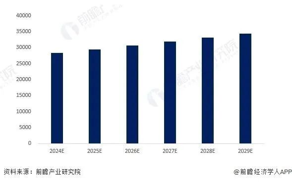 2024-2029年中國紡織業市場規模預測(單位:億元)
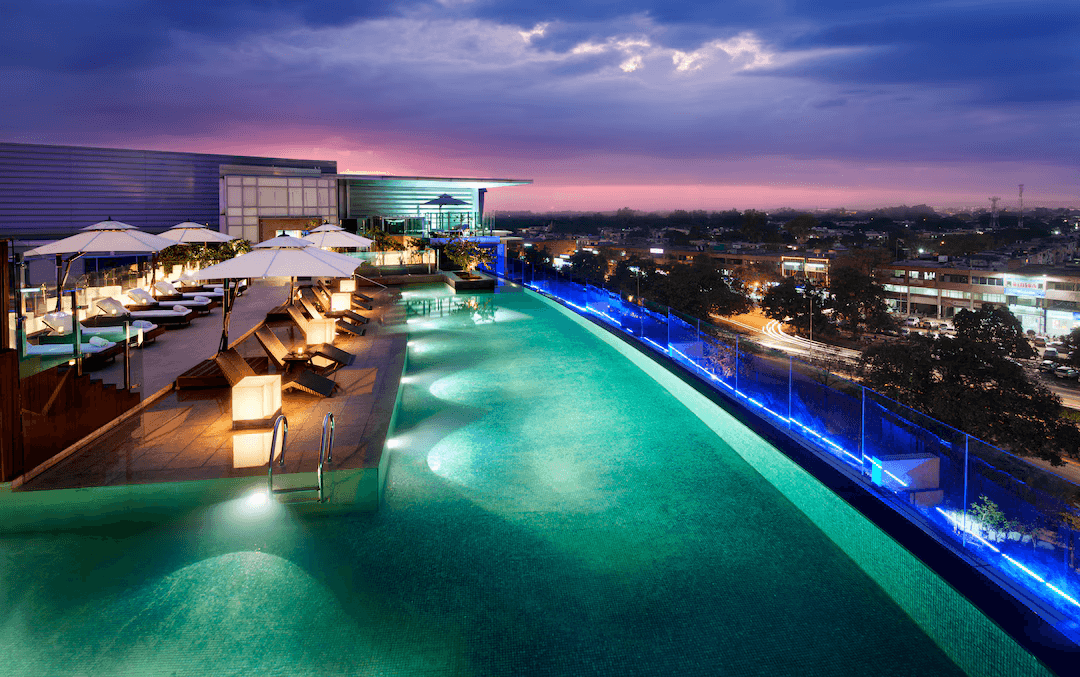 Property Highlights • Quan Spa and 24/7 fitness club • 8,406 sq ft banquet; ballroom up to 1,000 guests • Airport shuttle service • Multiple fine-dining venues • Premium event infrastructure Rooms • Deluxe / Executive / Studio – 484 sq ft • Luxury Suite – 968 sq ft • Presidential Suite – 2,421 sq ft • Marble bathrooms with bathtub & shower • Floor-to-ceiling windows with Wi-Fi Nearby Attractions • ISKCON Temple Chandigarh – 1.3 km • Government Museum and Art Gallery – 5 km • Fun City – 5.6 km Connectivity • Chandigarh Junction Railway Station – 8 km • Chandigarh International Airport – 18.7 km
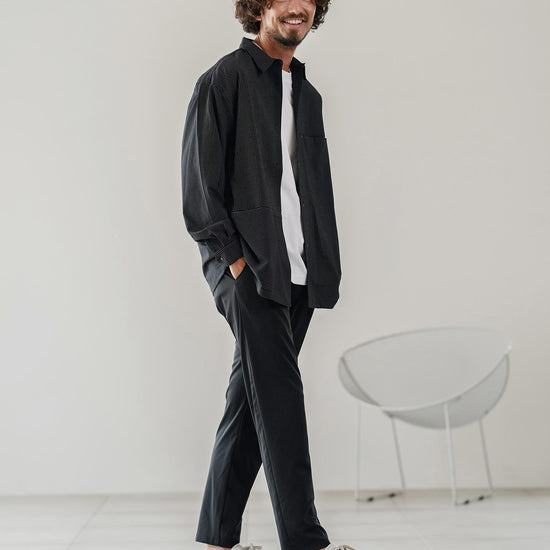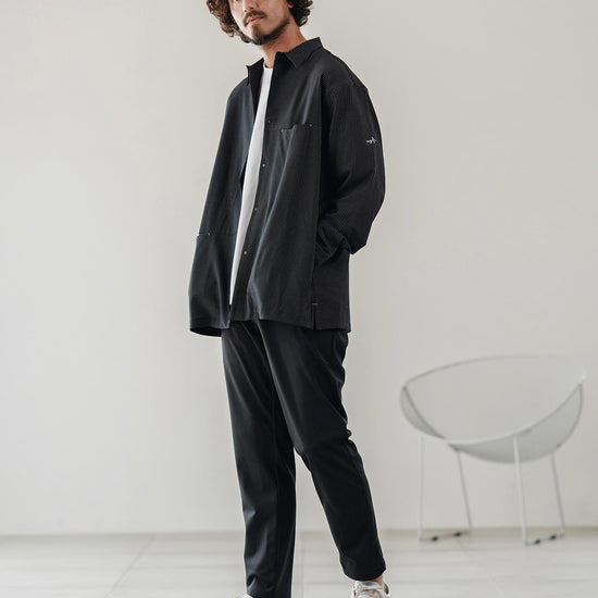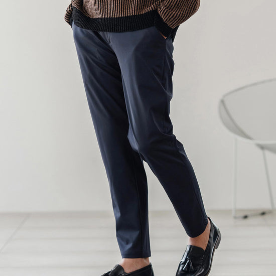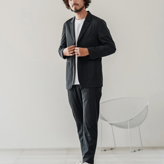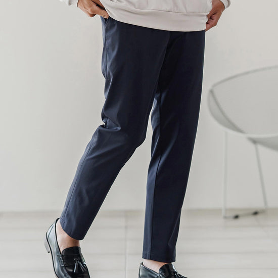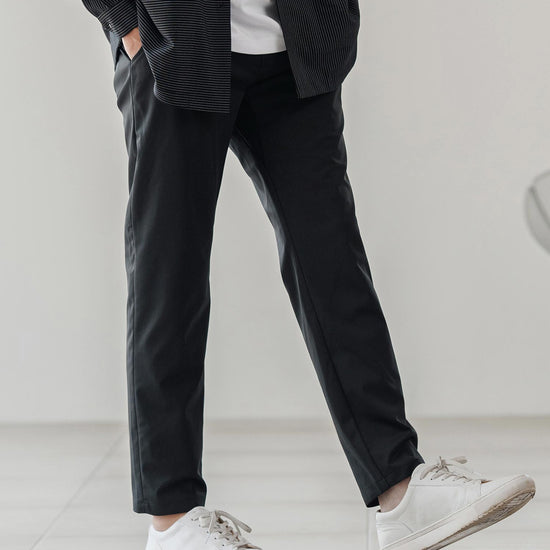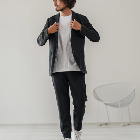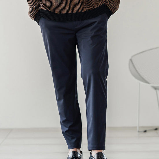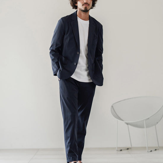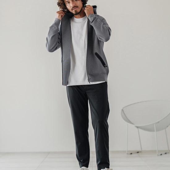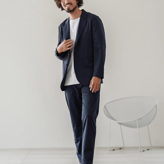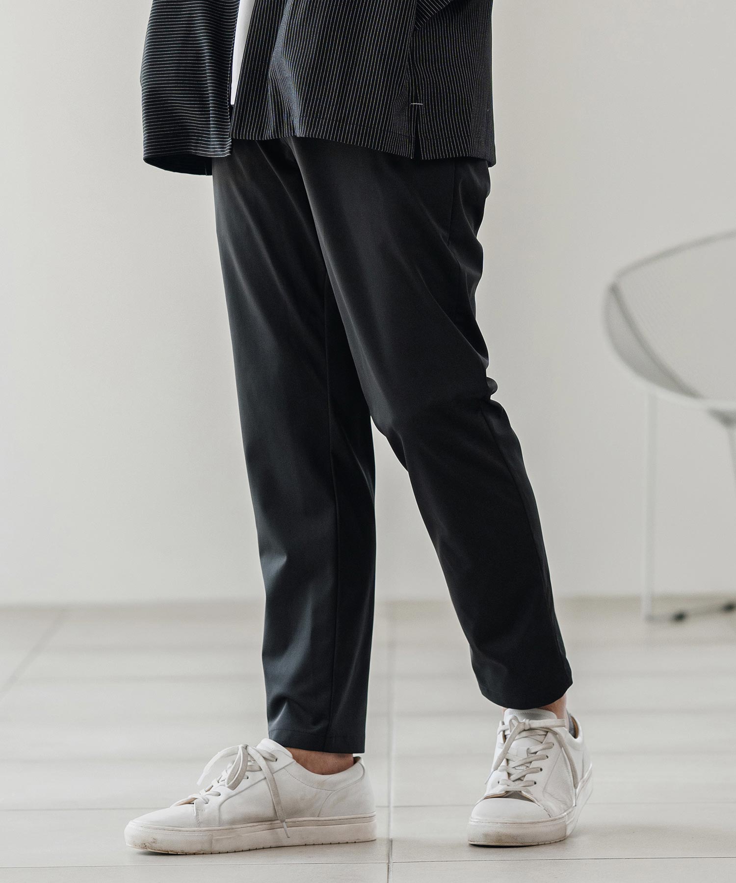 伸縮性のある生地が移動や長時間の着席を快適にし、日常から出張まで幅広く対応可能です。
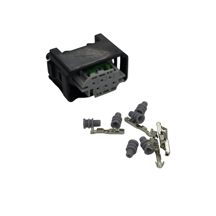 Replacement 6 pin accelerator pedal wiring connector plug designed to restore a secure and reliable electrical connection on compatible wiring harness applications. Ideal for repairs where the original plug is damaged, loose, or has broken locking tabs.
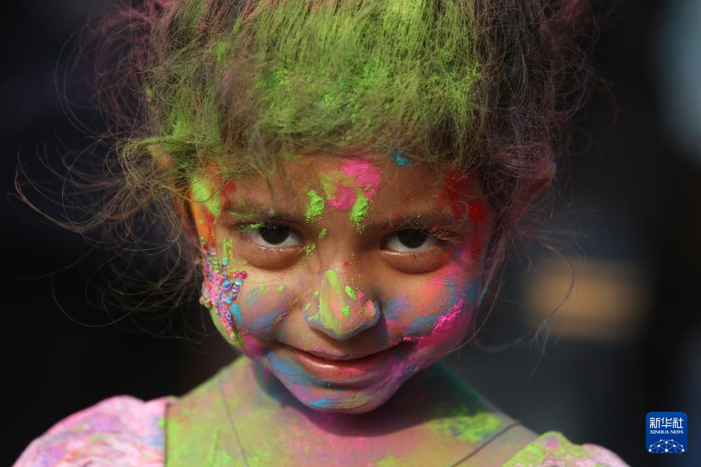 洒红节也叫胡里节,人们在节日期间互相涂抹颜料,迎接春天的到来。
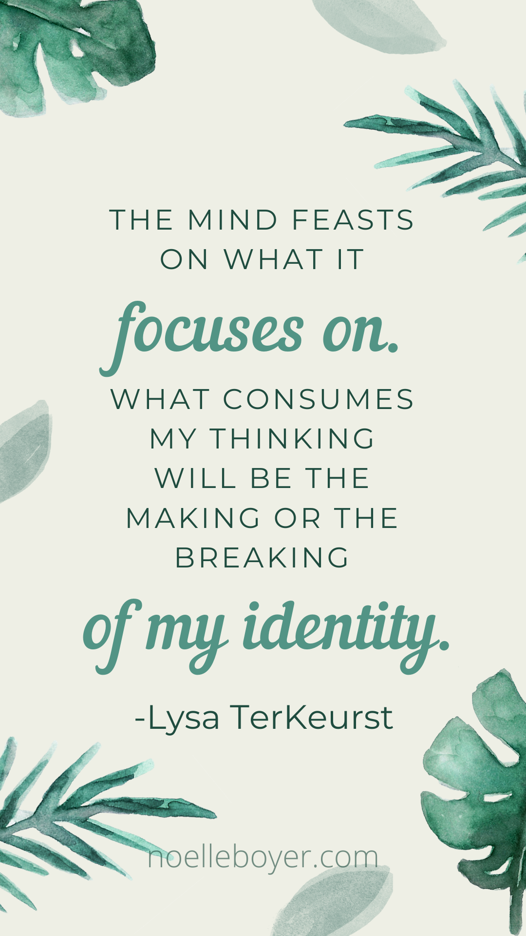 Chapter 12, “The Enemy’s Plan Against You” Lysa shares about her sudden experience with lions on a trip to Africa. Her thoughts were consumed with fear, that eventually came to life when lions entered the “safe” camp she resided. She writes, “I wrestled with that lion. And lost. Because I let him get the best of my thoughts.” She goes on further to write, “You don’t have to go to Africa to get stalked by a lion.” Satan is “coming after your mind” and “looking to devour you.” Talk about a freaky image but if you’re a believer, you know this is a true one. There is hope to the Devil’s obsession with destroying us…it’s that he is predictable. “Lies flee in the presence of truth,” and we are equip with God’s truth as defense.
***
Output a verbatim copy of the entries and skip the pictures.

Exercise output:
 2024-2029年中國紡織業市場規模預測(單位:億元)
 Property Highlights • Quan Spa and 24/7 fitness club • 8,406 sq ft banquet; ballroom up to 1,000 guests • Airport shuttle service • Multiple fine-dining venues • Premium event infrastructure Rooms • Deluxe / Executive / Studio – 484 sq ft • Luxury Suite – 968 sq ft • Presidential Suite – 2,421 sq ft • Marble bathrooms with bathtub & shower • Floor-to-ceiling windows with Wi-Fi Nearby Attractions • ISKCON Temple Chandigarh – 1.3 km • Government Museum and Art Gallery – 5 km • Fun City – 5.6 km Connectivity • Chandigarh Junction Railway Station – 8 km • Chandigarh International Airport – 18.7 km
 伸縮性のある生地が移動や長時間の着席を快適にし、日常から出張まで幅広く対応可能です。
 Replacement 6 pin accelerator pedal wiring connector plug designed to restore a secure and reliable electrical connection on compatible wiring harness applications. Ideal for repairs where the original plug is damaged, loose, or has broken locking tabs.
 洒红节也叫胡里节,人们在节日期间互相涂抹颜料,迎接春天的到来。
 Chapter 12, “The Enemy’s Plan Against You” Lysa shares about her sudden experience with lions on a trip to Africa. Her thoughts were consumed with fear, that eventually came to life when lions entered the “safe” camp she resided. She writes, “I wrestled with that lion. And lost. Because I let him get the best of my thoughts.” She goes on further to write, “You don’t have to go to Africa to get stalked by a lion.” Satan is “coming after your mind” and “looking to devour you.” Talk about a freaky image but if you’re a believer, you know this is a true one. There is hope to the Devil’s obsession with destroying us…it’s that he is predictable. “Lies flee in the presence of truth,” and we are equip with God’s truth as defense.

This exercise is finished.